Судьба наконец-то сводит их на лестнице Кенилворт Армс в середине романа, когда и начинается кровавая круговерть, которая засосет множество обитателей зловещего дома и посторонних, но очень неприятных личностей, большинство из которых сочувствия у читателя не вызовет. Хотя особенно сочувствовать ему будет некогда – события с момента встречи Круза и Джонатана развиваются быстро и не оставляют времени на сентименты. Судьбы персонажей пускаются отчаянным галопом по смертельным опасностям, выбору между плохим и ужасным и отчаянным попыткам выжить вопреки всему.

«Шахта» — роман взрывной и эффектный, написанный сочными красными мазками. И большинство сцен ужаса в нем связаны с насилием и полны обильными деталями, подробностями и безумием, переходящим в вакханалию. Человеческое сталкивается с нечеловеческим в жутких схватках. Наркотики, кровь, слизь, нечистоты, живое и мертвое, отходы и отбросы перемешиваются, сливаются воедино, и путешествуют сквозь стены старого многоквартирного дома, который почуял себя живым и дал приют чему-то мерзкому и противоестественному.

Персонажи здесь тоже далеки от романтики и исключительно приземлены. Их поведение и поступки укладываются в общий стереотип конца восьмидесятых, эпохи, не нуждавшейся в моральных оправданиях и давшей рождение сплаттерпанку, брутальному и разнузданному. Нужно больше, больше крови, пусть она течет рекой и сочится даже из стен!
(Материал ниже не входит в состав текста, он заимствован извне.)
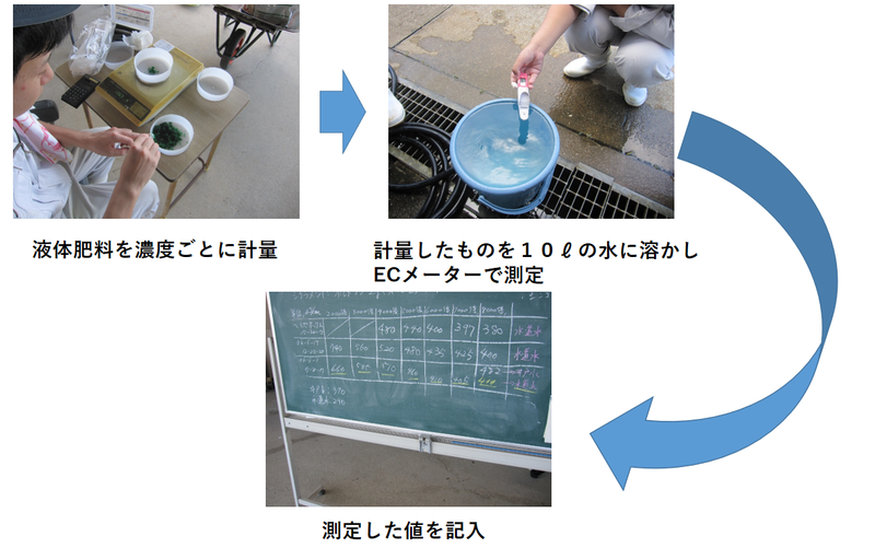実際に測定してみると、本校でかん水に使用している井戸水はEC値が高いことが分かり、こちらが予想していた値より高く、液体肥料のEC値もそのため、高い値となりました。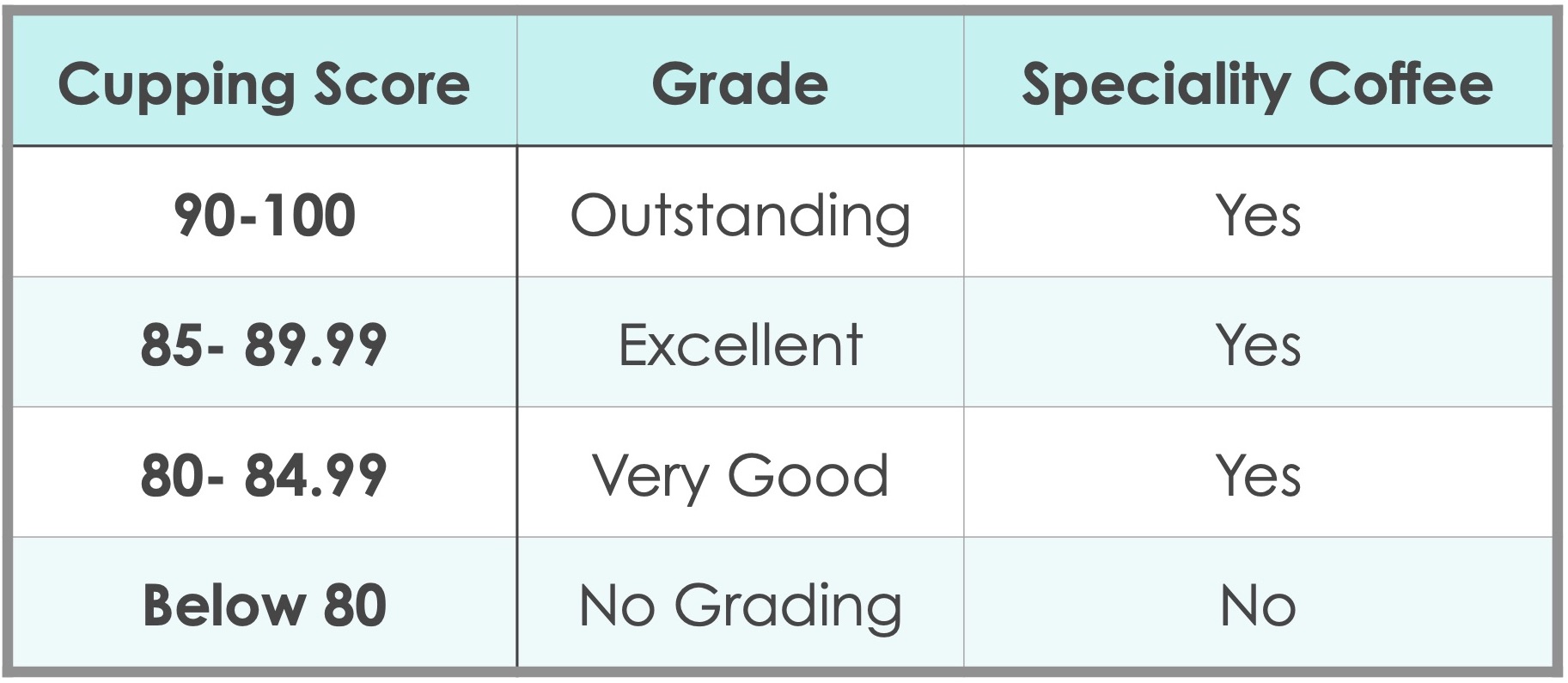 Cupping is a set of standardized procedures providing a consistent methodology for evaluating a coffee's quality. The mostly followed standard cupping procedures are defined by SCAA. The specially certified coffee grader, named Q grader, evaluates various aspects of roasted coffee, including, fragrance, aroma, flavor, acidity, sweetness, body, cleanness, complexity, aftertaste and faults, give grading scores to each evaluating aspect and then calculate the overall cupping score. The cupping scores can be from 0~100. Anything below 80 won’t be considered as Specialty Coffee.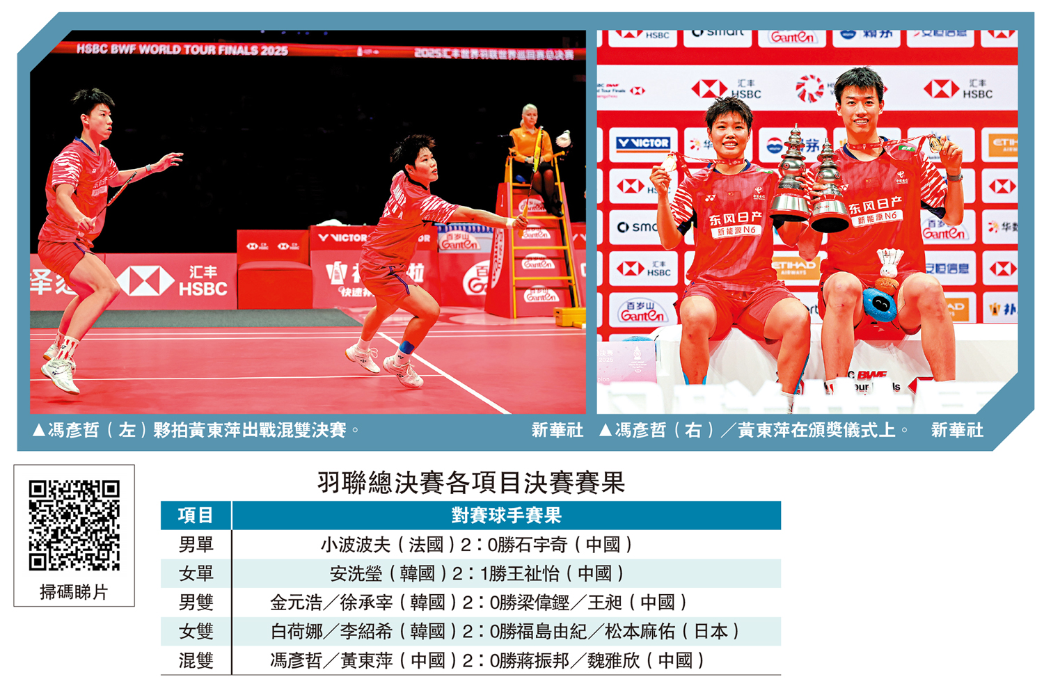 2025世界羽聯巡迴賽總決賽21日在杭州舉行決賽日,最終國家隊以1冠4亞收官。其中,混雙決賽上演「國家隊打吡」,意味必定包辦冠亞,由馮彥哲/黃東萍組成的「鳳凰組合」最終以21:12、21:17擊敗隊友蔣振邦/魏雅欣奪冠,這也是兩人合作以來首度在總決賽登頂。二人奪冠亦為中國羽毛球隊實現在混雙項目上輝煌紀錄─近10個賽季,只要參賽必然奪冠。\大公報記者 張銳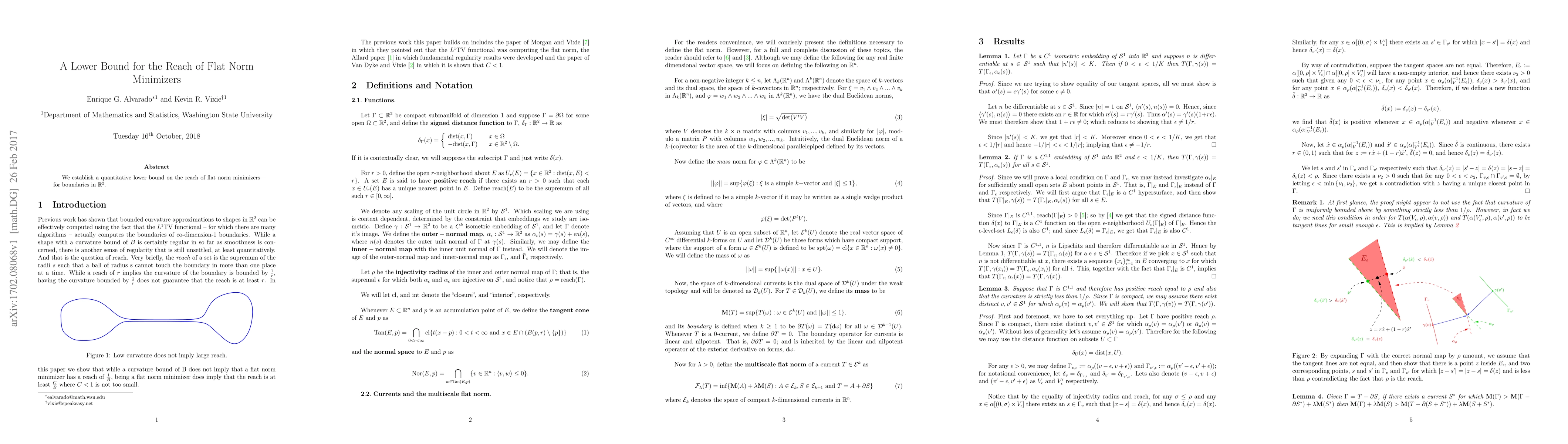We establish a quantitative lower bound on the reach of flat norm minimizers for boundaries in $\mathbb{R}^2$.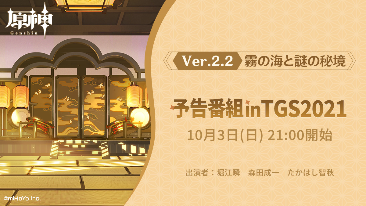 株式会社miHoYoは、マルチプラットフォーム対応オープンワールドRPG『原神(げんしん)』が、10月3日21:00より「TOKYO GAME SHOW 2021 ONLINE」にて、『Ver.2.2「霧の海と謎の秘境」予告番組inTGS2021』を放送することをお知らせいたします。
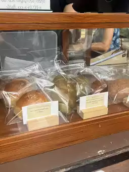 Wild Flowers Bakery is a freshly baked bread shop located at Kong Akong. Saturday-Sunday opens from 9:30 a.m. to 3:00 p.m. But I recommend going before noon because I went there when the shop was about to close and there were only a few pastries left. It is a bread shop with affordable prices and good taste. Good quality, for example, Shio Pan is only 35 baht. I personally like the Berry Cream Cheese Bagel the most. The taste is super good. No need to heat it up.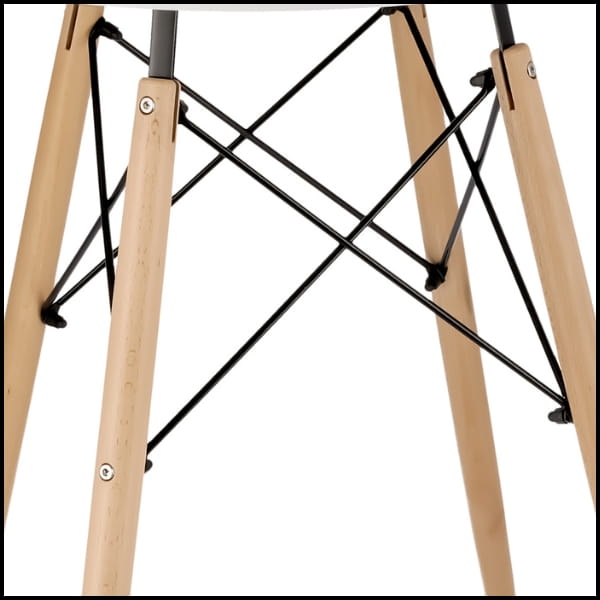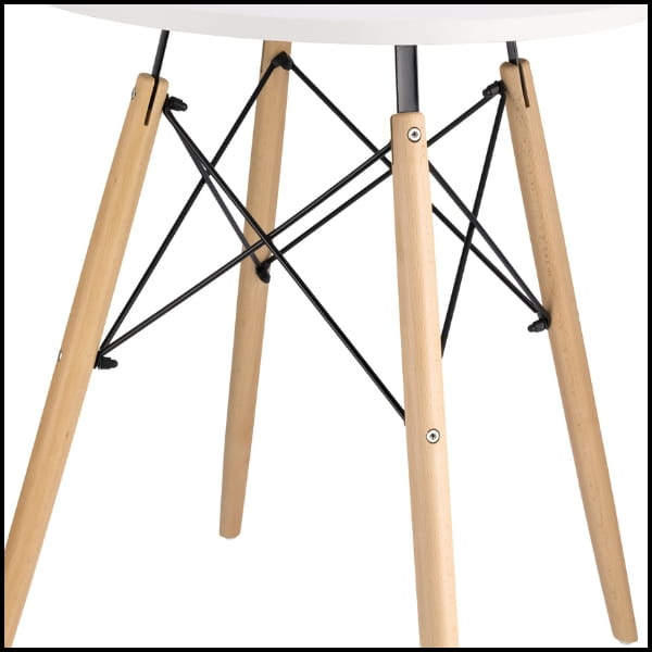 Konstrukcję stołu tworzą solidne drewniane nogi, wzmocnione metalowym wspornikiem, który zwiększa stabilność i trwałość całego mebla. Takie połączenie materiałów nadaje stołowi nowoczesny, a jednocześnie naturalny charakter, typowy dla skandynawskiego wzornictwa.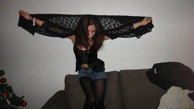picture: by KD, lacetop-hm/lacecaftan-lindex/shorts-old/belt-beyond retro/jewelry-varied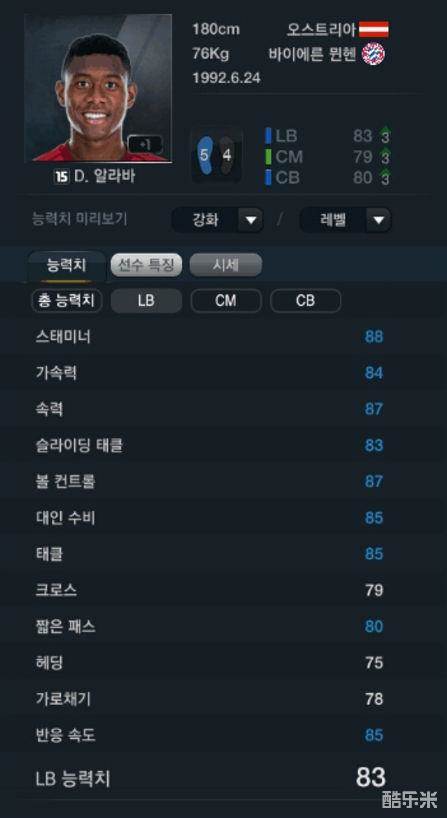 FIFAonline315卡,在FIFAonline315卡阿拉巴的数据中,可以看到阿拉巴的能力有明显的提高,作为拜仁的当家全能选手,阿拉巴,是一颗冉冉升起的巨星,14阿拉巴的能力已经很犀利了,而在15卡中,阿拉巴,将变得更为全面,从冉冉升起的巨星,成为一名成熟的超级球员。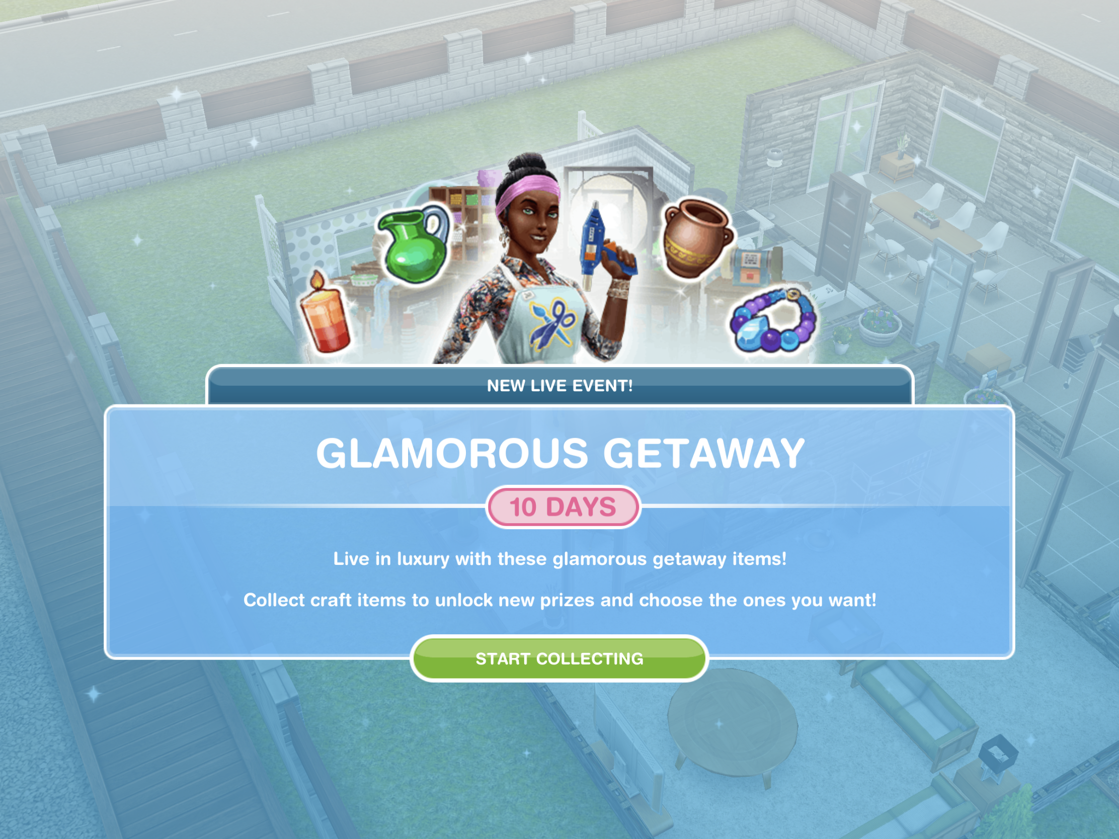 Complete this brand new live event (starts 5th September 2022) to unlock glamorous themed items and if you complete the whole event in the time limit you unlock the Glamorous Getaway house template. This event is only here for 10 days and the aim of it is to collect enough arts and crafts items from the arts and crafts stations (found in the event tab of buy mode) to unlock all the items in this event.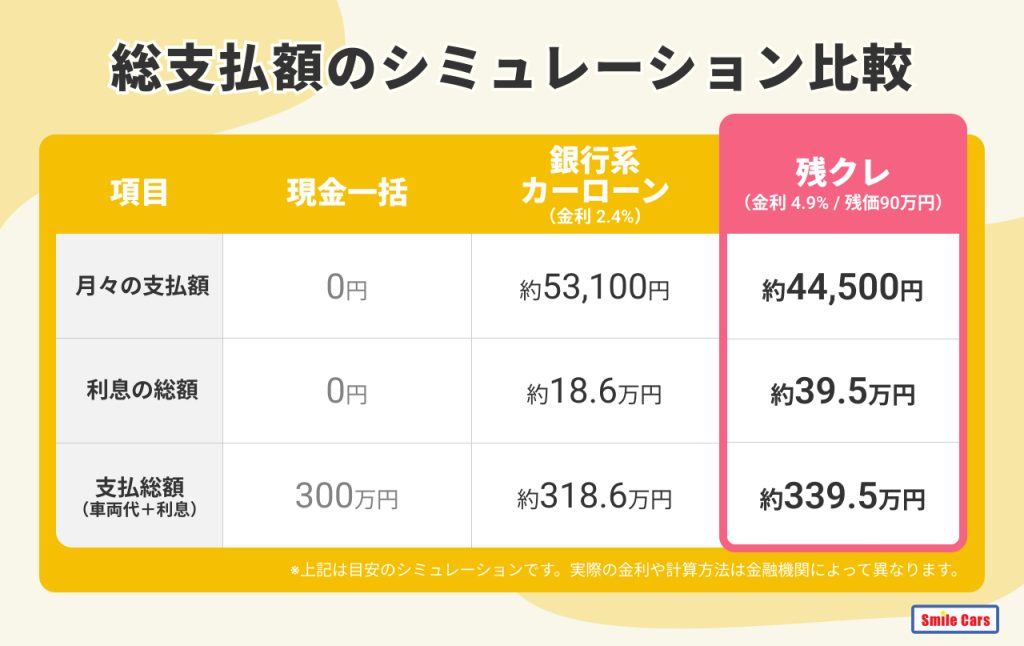 | 支払総額(車両代+利息) | 300万円 | 約318.6万円 | 約339.5万円 |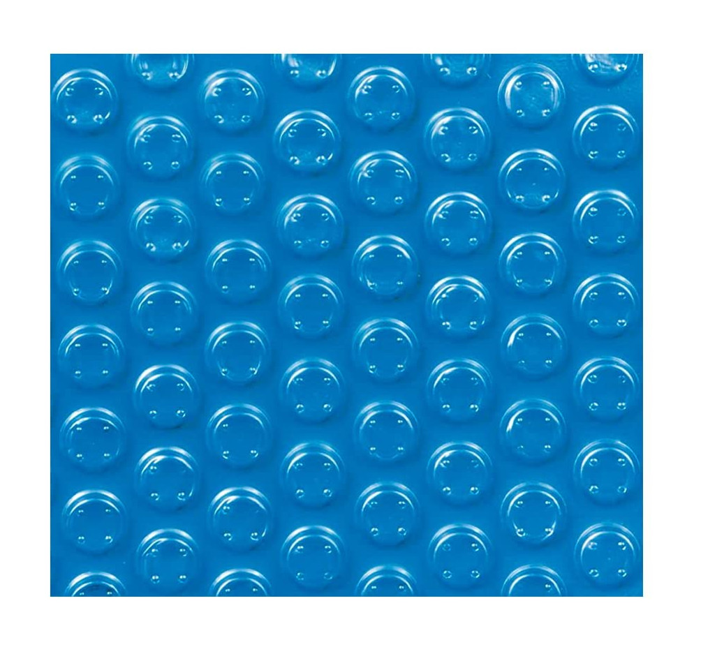 Il telo galleggia sul livello dell'acqua, il suo diametro è 538 cm (è appositamente più piccolo della piscina perchè non è una copertura classica che protegge solo da foglie e insetti ma ha anche la funzione di riscaldare e mantenere la temperature all'acqua quindi deve essere a contatto con essa). Sulla parte superiore dei teli termici ci sono dei buchi per motivi di sicurezza.

Насилие в «Шахте» — основа жизни большого и жестокого города, приюта аутсайдеров и маргиналов всех мастей. Насилие чтобы выжить, насилие чтобы преуспеть, и наконец, насилие ради насилия, потому что таковы правила игры.

Собственно, иного «Шахта» и не предлагает. Она именно об этом. И о предыстории Кенилворт Армс и поселившихся там чудовищах ничего убедительного сказать не может. Дом пробудился сам, твари в его недрах тоже взялись, в общем-то, ниоткуда — все завертелось само на ровном месте. Да и какая разница? Автор романа не утруждал себя заботой о его страшной составляющей. Уж какая есть, берите что дают.

Дэвида Дж. Шоу больше увлекала криминальная сторона сюжета. Когда речь о наркотиках, разборках, маниакальных наркодельцах – настоящих чудовищах в человеческом обличье – дело у него спорится. Чувствуется, что этот материал он знает назубок. Ситуации, среда, типажи – все по высшему классу. Перед читателем разворачивается полная мерзостей всех сортов жизнь городского аутсайда. Цепко схваченная, и с огромной любовью и знанием дела описанная. Тут претензий к Шоу нет и быть не может. Задачу рассказать о преступном мире он перевыполнил с гигантским запасом.

А вот живой дом с отвратительными тварями внутри при всем к ним уважении остался лишь обратной стороной медали, где тоже что-то написано, но довольно невнятно и откровенно говоря, слишком мало. Могло быть и больше. Гораздо. Не тянет Кенилворт Армс на полноценную преисподнюю, особенно на фоне происходящего вне его старых закопченных стен. Разве только на районный филиал преисподней, ад местного значения.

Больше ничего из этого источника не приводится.